An ODF cluster for 2 main DC – preparation

[17 min read]

An ODF cluster for 2 main DC – preparation

OpenShift Data Foundation in the standard installation would be installed using three different failure domains or just on a single failure domain. Many companies, however, have only two main data centers. Such legacy architectures were established for stretched deployments with a shared storage supporting the access and redundancy to any of both sites. OpenShift Data Foundation can provide both scalability and independence from underlying storage while providing out-of-the-box redundancy across two main data centers or failure domains for the OpenShift platform.
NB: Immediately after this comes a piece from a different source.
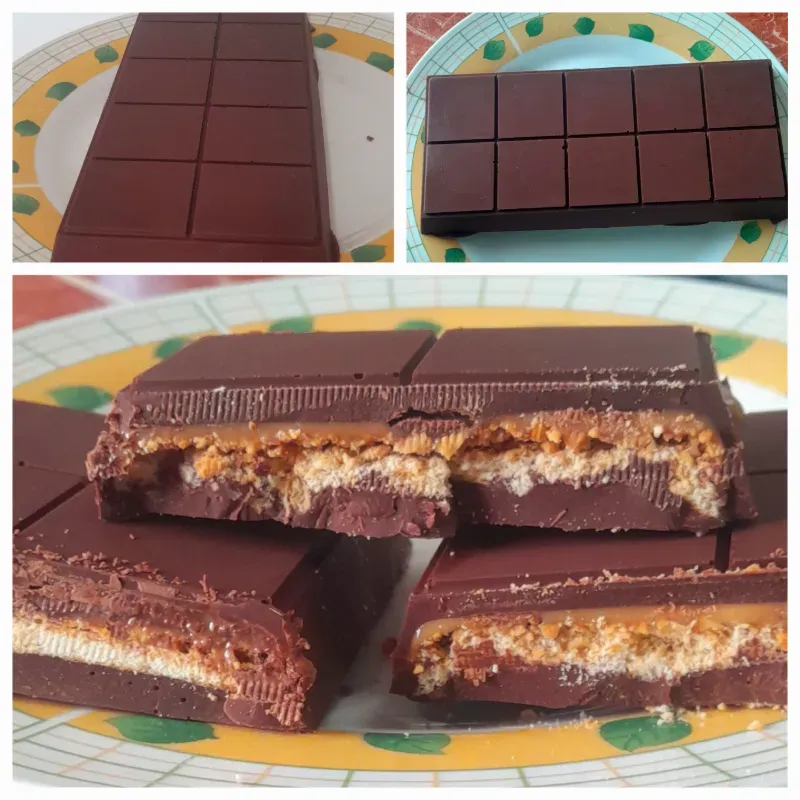 Peter de chocolate 21 cm de largo, 9 cm de ancho 2 cm de alto, relleno con dulce leche condensada (fanguito), mani y galleticas dulce

In the article “Installing the first OpenShift cluster for ODF“, I described the installation of an ordinary OpenShift cluster as a starting point, and in “Installing the first ODF cluster“, the installation of an ordinary ODF cluster. The difference between those and the actual cluster will be that instead of having 3 different equal failure domains I’ve got only 2 main equal failure domains or locations. The 3rd location is not a main one like usually those that have been built to provide such a thing like a quorum or a relict from previous times when a smaller one was sufficient.
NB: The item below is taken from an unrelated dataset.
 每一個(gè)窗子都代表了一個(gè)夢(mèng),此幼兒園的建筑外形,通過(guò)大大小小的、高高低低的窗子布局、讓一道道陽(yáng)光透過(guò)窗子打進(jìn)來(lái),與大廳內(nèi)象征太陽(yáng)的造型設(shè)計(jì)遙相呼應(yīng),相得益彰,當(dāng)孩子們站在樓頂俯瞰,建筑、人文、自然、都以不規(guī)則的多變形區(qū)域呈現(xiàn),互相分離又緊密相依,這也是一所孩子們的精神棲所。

The ODF high availability stretch cluster

Previously, ODF was able to bridge availability zones or alike in cloud environments, using 3 failure domains. OpenShift workloads were able to run in any of the available failure domains and eliminate the risk of local failures within a zone affecting all workloads. A workload was simply able to continue to run on any other node in the OpenShift cluster without losing the access to its data.

With the feature of a stretched deployment with only 2 failure domains, called the High availability stretch cluster, or sometimes called the simply the stretch cluster, this capability is going to be available also in other environments, like classic on-premises data centers with only 2 failure domains. This resiliency to data center outages or network separation is now providing the application continuity while maintaining the access to the data even in those classic environments.
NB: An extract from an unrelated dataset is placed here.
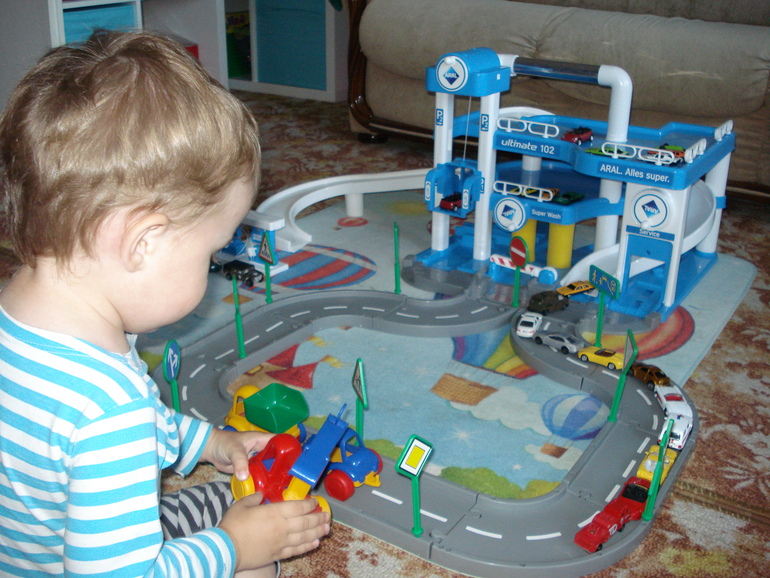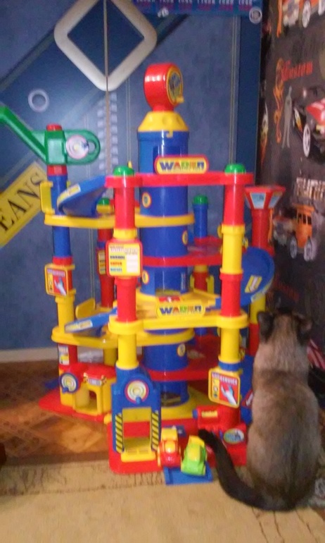 Девочки,может конечно дети мои и я заелись в игрушках,но хочу сказать,что ни одна парковка не производила впечатление у моих 2 сыновей,младшему на год решили подарить огромную 8этажную Полесье,чтобы старший его учил играть,в итоге она стоит и ей играет только кот,то чешется об нее или по этажам лазиет.Трек наверно большой будет интереснее.Вот наша груда пластмассы

Note that this feature doesn’t cover the challenges for distributing the OpenShift control plane nodes properly to withstand an outage of a location.

Infrastructure requirements and OpenShift structure

ODF is a loosely coupled system. Managing the data redundancy across any infrastructure boundaries is done via the network available on both sides. There is always the risk of a “split brain” scenario. The cluster needs to sort out the way to work if one half of the cluster is unavailable for some reason. The approach to overcome the challenge with it in ODF is to use an arbiter instance, a monitor (aka MON) for Ceph terms, that is placed in a 3rd location. In the drawing this is represented by the zone called “arbiter”. The arbiter provides the failure fencing for this distributed infrastructure to prevent split brain sets of nodes in the network. It helps to ensure a proper quorum for the monitors of the ODF cluster. It’s a proven technology approach from underlying Ceph technology.

OpenShift would have the challenge to find a place for the 3rd control plane node. In my lab environment, I use the 3rd zone to locate both the 3rd control plane node and the arbiter. In such a configuration, I can then use the control plane node of OpenShift to run the arbiter pod so that I don’t need an additional separate node for it. It’s illustrated by using a light green color to picture this. In general, the arbiter pod can also be deployed independently of the 3rd control plane node. It could be rather a worker node or an infra node that belongs to the OpenShift cluster. While the control plane node will need a far lower RTT for the etcd to work properly, the ODF arbiter pod could be placed somewhere else involving a higher latency up to 100 ms, like into a public cloud. One should consult the Red Hat Customer Support if considering this to ensure proper functionality.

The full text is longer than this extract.